Expected failures are normal
check_rinex and fetch_aux_data failing on recent dates is by design. IGS final orbit products lag ~12-14 days, rapid products ~1 day. The DAG retries until the data appears.
Directory Structure¶
Task functions expect the directory layout defined in sites.yaml:
gnss_site_data_root/ # from sites.yaml → gnss_site_data_root
├── 01_reference/ # from receivers.reference_01.directory
│ ├── 25001/ # YYDDD date subdirectory
│ │ ├── ROSA00TUW_R_...rnx
│ │ └── ...
│ ├── 25002/
│ └── ...
├── 02_canopy/ # from receivers.canopy_01.directory
│ ├── 25001/
│ │ └── ROSA00TUW_R_...rnx
│ └── ...
└── (aux data stored separately via config)

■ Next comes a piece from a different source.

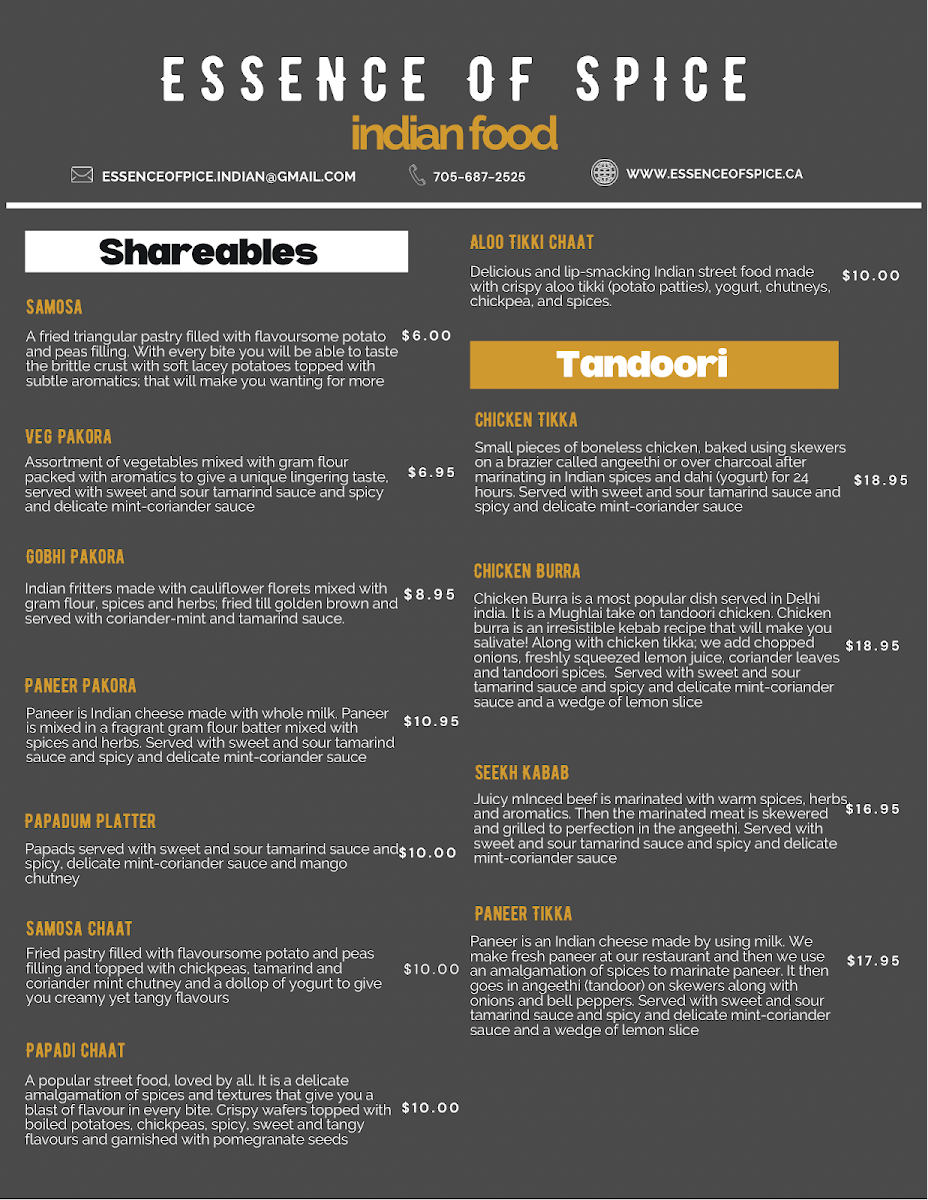 Introducing the Menu at Essence Of Spice

check_rinex uses the same _has_rinex_files() function that PairDataDirMatcher uses — it globs for *.??o, *.rnx, *.RNX, and related patterns in each receiver's YYDDD subdirectory. A date is "ready" only when all configured receivers have at least one RINEX file.
Task Functions¶
All four functions live in canvodpy.workflows.tasks. They accept only primitives (str, dict, list, None) and return JSON-serializable dicts suitable for Airflow XCom. Internally they delegate to existing canVODpy machinery.

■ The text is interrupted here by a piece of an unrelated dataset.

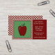 Denna visitkort är perfekt för någon lärare. Den presenterar ett rött äpple på vänster sida på en grön bakgrund som omges av en vit och en röd kontrollerad gräns. Informationen om lärare är på rätsidan med en röd bakgrund.

from canvodpy.workflows.tasks import (
check_rinex,
fetch_aux_data,
process_rinex,
calculate_vod,
)
check_rinex¶
result = check_rinex(site="Rosalia", yyyydoy="2025001")
# {
# "site": "Rosalia",
# "yyyydoy": "2025001",
# "ready": True,
# "receivers": {
# "canopy_01": {"has_files": True, "files": [...], "count": 1},
# "reference_01": {"has_files": True, "files": [...], "count": 4},
# }
# }
Raises RuntimeError when any receiver is missing files — Airflow marks the task as failed and retries according to retry_delay.
fetch_aux_data¶
result = fetch_aux_data(site="Rosalia", yyyydoy="2025001")
# {
# "site": "Rosalia",
# "yyyydoy": "2025001",
# "aux_zarr_path": "/tmp/canvod/aux_2025001.zarr",
# "sampling_interval_s": 30.0,
# "n_epochs": 2880,
# "n_sids": 384,
# }
The sampling interval is auto-detected from the RINEX v3 long filename (e.g. 05S = 5 s). Falls back to 30 s if detection fails.
FTP credentials
Downloads from NASA CDDIS require an Earthdata account email.

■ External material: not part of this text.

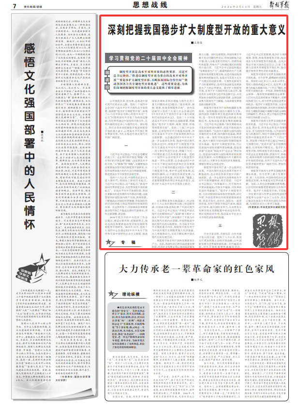 以开放促改革、促发展,是推进中国式现代化的必由之路。党的二十届四中全会对扩大高水平对外开放作出专章部署,强调要“稳步扩大制度型开放”,体现了以习近平同志为核心的党中央对“十五五”时期我国对外开放工作的深远擘画,向世界传递出中国坚持开放合作、互利共赢的坚定决心与强烈信号。新征程上,我们必须深刻把握稳步推进制度型开放的重大意义,以更高水平开放汇聚发展新优势,为扎实推进中国式现代化开辟广阔前景。

Set nasa_earthdata_acc_mail in config/processing.yaml.
Without it, the pipeline falls back to ESA/BKG mirrors.
process_rinex¶
result = process_rinex(
site="Rosalia",
yyyydoy="2025001",
aux_zarr_path="/tmp/canvod/aux_2025001.zarr",
receiver_files=rinex_info["receivers"], # from check_rinex
)
# {
# "site": "Rosalia",
# "yyyydoy": "2025001",
# "receivers_processed": ["canopy_01", "reference_01"],
# "files_written": 5,
# }
Processing is sequential within the task — no Dask or multiprocessing. Airflow handles parallelism across sites and dates via its executor.
Store group naming
Canopy receivers write to a group named after the receiver
(e.g. canopy_01). Reference receivers are expanded via scs_from
in the config and write to groups like reference_01_canopy_01.
calculate_vod¶
result = calculate_vod(site="Rosalia", yyyydoy="2025001")
# {
# "site": "Rosalia",
# "yyyydoy": "2025001",
# "analyses": {
# "canopy_01_vs_reference_01": {
# "mean_vod": 0.42,
# "std_vod": 0.15,
# "n_epochs": 2700,
# }
# }
# }
DAG Template¶
The file dags/gnss_daily_processing.py uses Airflow's TaskFlow API (@dag / @task decorators). It reads all configured sites from sites.yaml and creates one DAG per site, named canvod_{site_name}.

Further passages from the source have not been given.